Welcome to Class of Cookie 2023: A (deliciously) special project where Mumbai-based chef Prateek Bakhtiani, Head Chef at Ether Atelier Chocolat invites ten of his closest friends-of-food and asks them to share a ‘comfort cookie’ recipe each.

What do Tiramisù, Affogato, and Granita al Caffé have in common? Yes, they’re all Italian desserts. But what truly connects them is a strong base flavour — coffee. If you are craving something similar but don’t have the time to whip up an elaborate dessert, this Coffee & Pecan Cookie recipe by Chef Manali Khandelwal is perfect for you. Chef Manali is a Mumbai-based pastry chef and heads the city’s first-ever chocolate factory.
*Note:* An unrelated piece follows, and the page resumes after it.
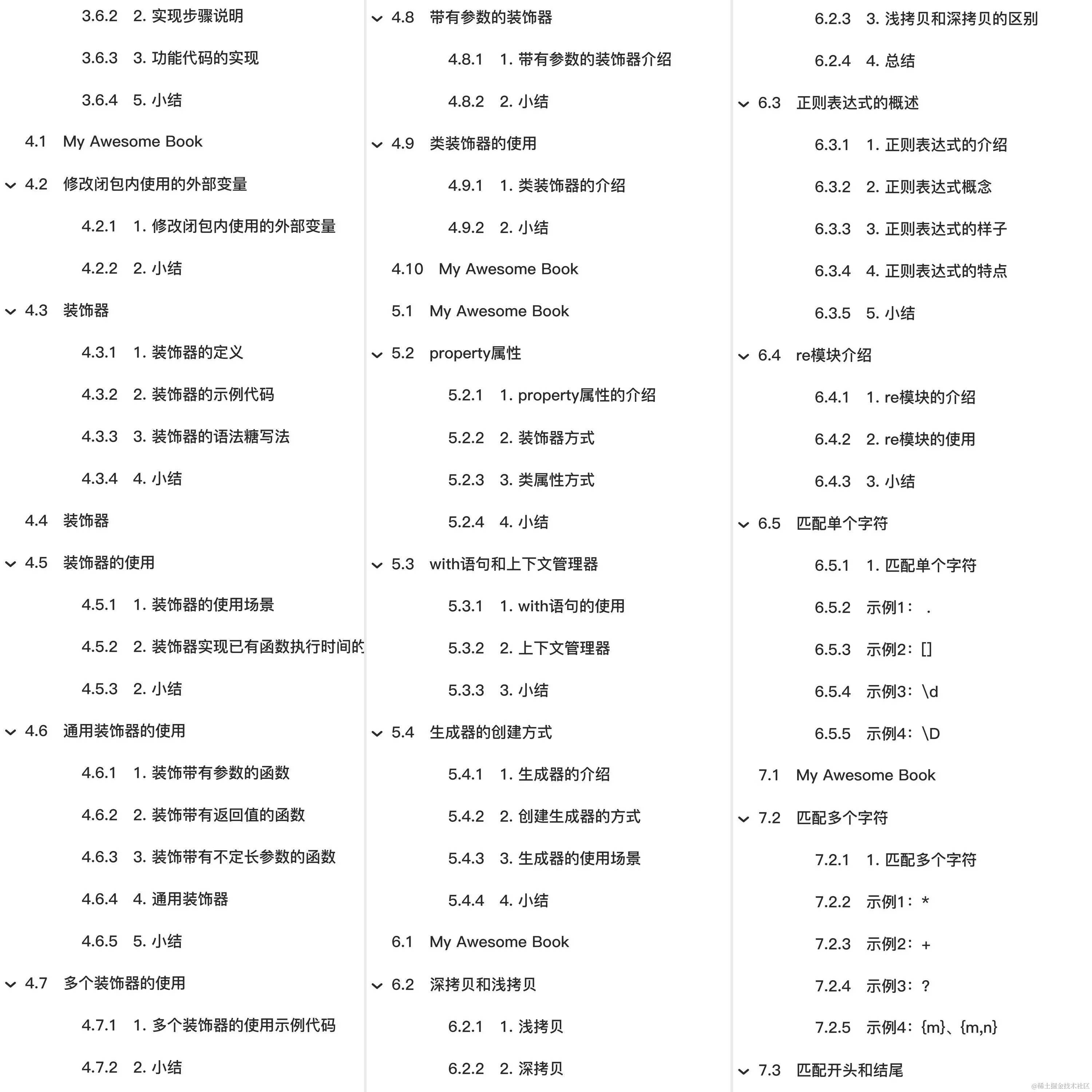 教程总体简介:My Awesome Book 操作系统 1. 常见的操作系统 2. 操作系统的定义 4. 小结 虚拟机软件 1. 虚拟机软件的介绍 Ubuntu操作系统 2. Ubuntu图形界面的介绍 3. 与Windows目录结构对比 Linux内核及发行版 1. Linux内核 查看目录命令 1. 查看目录命令的使用 2. 查看当前目录路径 3. 清除终端内容 绝对路径和相对路径 1. 绝对路径 4. 自动补全 创建、删除文件及目录命令 终端命令格式的组成 1. 终端命令格式说明 查看命令帮助 静态Web服务器-返回固定页面数据 1. 开发自己的静态Web服务器 静态Web服务器-命令行启动动态绑定端口号 1. 开发命令行启动动态绑定端口号的静态web服务器 闭包 2. 闭包的构成条件 3. 简单闭包的示例代码 4. 闭包的作用 闭包的使用 1. 案例 2. 实现步骤说明 3. 功能代码的实现 修改闭包内使用的外部变量 装饰器 1. 装饰器的定义 3. 装饰器的语法糖写法 装饰器的使用 2. 装饰器实现已有函数执行时间的统计 带有参数的装饰器 property属性 3. 类属性方式 with语句和上下文管理器 1. with语句的使用 2. 上下文管理器 生成器的创建方式 2. 创建生成器的方式 3. 生成器的使用场景 深拷贝和浅拷贝 1. 浅拷贝 3. 浅拷贝和深拷贝的区别 正则表达式的概述 2. 正则表达式概念 re模块介绍 2. re模块的使用 匹配单个字符 示例1: . 示例2:[] 示例3:\d 小结 匹配开头和结尾 示例3:^ 和 $ 2.除了指定字符以外都匹配 4. 课下练习 匹配分组 1. 匹配分组相关正则表达式 示例4:(?P<name>) (?P=name) ls命令选项 mkdir和rm命令选项 1. mkdir命令选项 2. rm命令选项 cp和mv命令选项 重定向命令 查看文件内容命令 链接命令 2. 软链接 5. 硬链接小结 文本搜索命令 3. grep命令结合正则表达式的使用 压缩和解压缩命令 2. tar命令及选项的使用 3. zip和unzip命令及选项的使用 文件权限命令 1. chmod命令的介绍 获取管理员权限的相关命令 2. whoami命令的使用 5. passwd命令的使用 用户相关操作 1. 创建用户 2. 设置密码 远程登录、远程拷贝命令 3. FileZilla软件的使用 编辑器 vim 2. vim 的工作模式 软件安装 2. deb文件格式安装 3. apt-get方式安装 4. 更改镜像源 软件卸载 多任务的介绍 2. 多任务的概念 进程 多进程的使用 1 导入进程包 2. Process进程类的说明 3. 多进程完成多任务的代码 获取进程编号 1. 获取进程编号的目的 3. 获取当前父进程编号 进程执行带有参数的任务 3. kwargs参数的使用 进程的注意点 2. 进程之间不共享全局变量 4. 主进程会等待所有的子进程执行结束再结束 线程 互斥锁 1.互斥锁的概念 4. 使用互斥锁完成2个线程对同一个全局变量各加100万次的操作 死锁 2. 死锁示例 3. 避免死锁 进程和线程的对比 1. 进程和线程的对比的三个方向 2. 关系对比 3. 优缺点对比 协程 协程是啥 协程的优点 gevent 安装 1. gevent的使用 3. 给程序打补丁 IP 地址的介绍 2. IP 地址的表现形式 3. 查看 IP 地址 4. 检查网络是否正常 端口和端口号的介绍 1. 问题思考 2. 什么是端口 5. 端口号的分类 TCP 的介绍 1. 网络应用程序之间的通信流程 3. TCP 的特点 socket 的介绍 4. socket 使用场景 TCP 网络应用程序开发流程 2. TCP 客户端程序开发流程的介绍 TCP服务端程序开发 1. 开发 TCP 服务端程序开发步骤回顾 socket之send和recv原理剖析 1. 认识TCP socket的发送和接收缓冲区 2. send原理剖析 HTTP 协议 3. 浏览器访问web服务器的通信过程 URL 2. URL的组成 查看HTTP协议的通信过程 1. 谷歌浏览器开发者工具的使用 HTTP响应报文 2. HTTP 状态码介绍 搭建Python自带静态Web服务器 1. 静态Web服务器是什么?

Pecans make these cookies extra crunchy, and the sea salt adds a savoury note that complements the coffee and nut flavours. And did we mention that it’s also loaded with chocolate chips? Delish!

Makes: 35 Cookies

Per cookie serving: 40g

Shelf Life: 5–7 Days

Tasting Notes: Pecan, arabica, cacao, malt, sea salt

Ingredients:

 195g brown butter

245g brown sugar

100g caster sugar

2 eggs

45ml oil

half a vanilla bean

405g all-purpose flour

8g corn starch

5g baking soda

a pinch of sea salt

20g ground coffee

200g chocolate chips

100g chopped pecans

Preparation:

1. Preheat the oven at 200°C. In a large mixing bowl, cream the brown butter and two sugars. Now blend in the eggs, oil and vanilla until smooth.

2. Sift the all-purpose flour, corn starch, baking soda and sea salt into the bowl with the wet mixture and fold it until well combined and a dough is formed.

3. Fold in the ground coffee, chocolate chips and pecans and mix briefly to combine.

4. Portion the dough into medium sized balls and flatten them lightly. Refrigerate until the dough has firmed up.

5. On a baking tray lined with a silicon mat, place the flattened dough balls. Make sure the tray is not overcrowded.

6. Bake in the preheated oven at 200°C for about 10–15 minutes.

7. Remove the cookies from the oven. While they are still hot, garnish with some chocolate chips and chopped pecans. For an even finish, press the cookies down with something flat to round out the edges.

8. Allow the cookies to cool completely before serving.

Manali Khandelwal is the director of chocolate at Subko Cacao, Mumbai. She has previously worked as a chef at La Folie and a chef instructor at the Foodhall Cookery Studio, also based in Mumbai.

Prateek Bakhtiani is an alumnus of Le Cordon Bleu, Paris, where he learnt the art of pastry making. He has served as a chef at several Michelin-starred restaurants in France, Belgium, and the United States.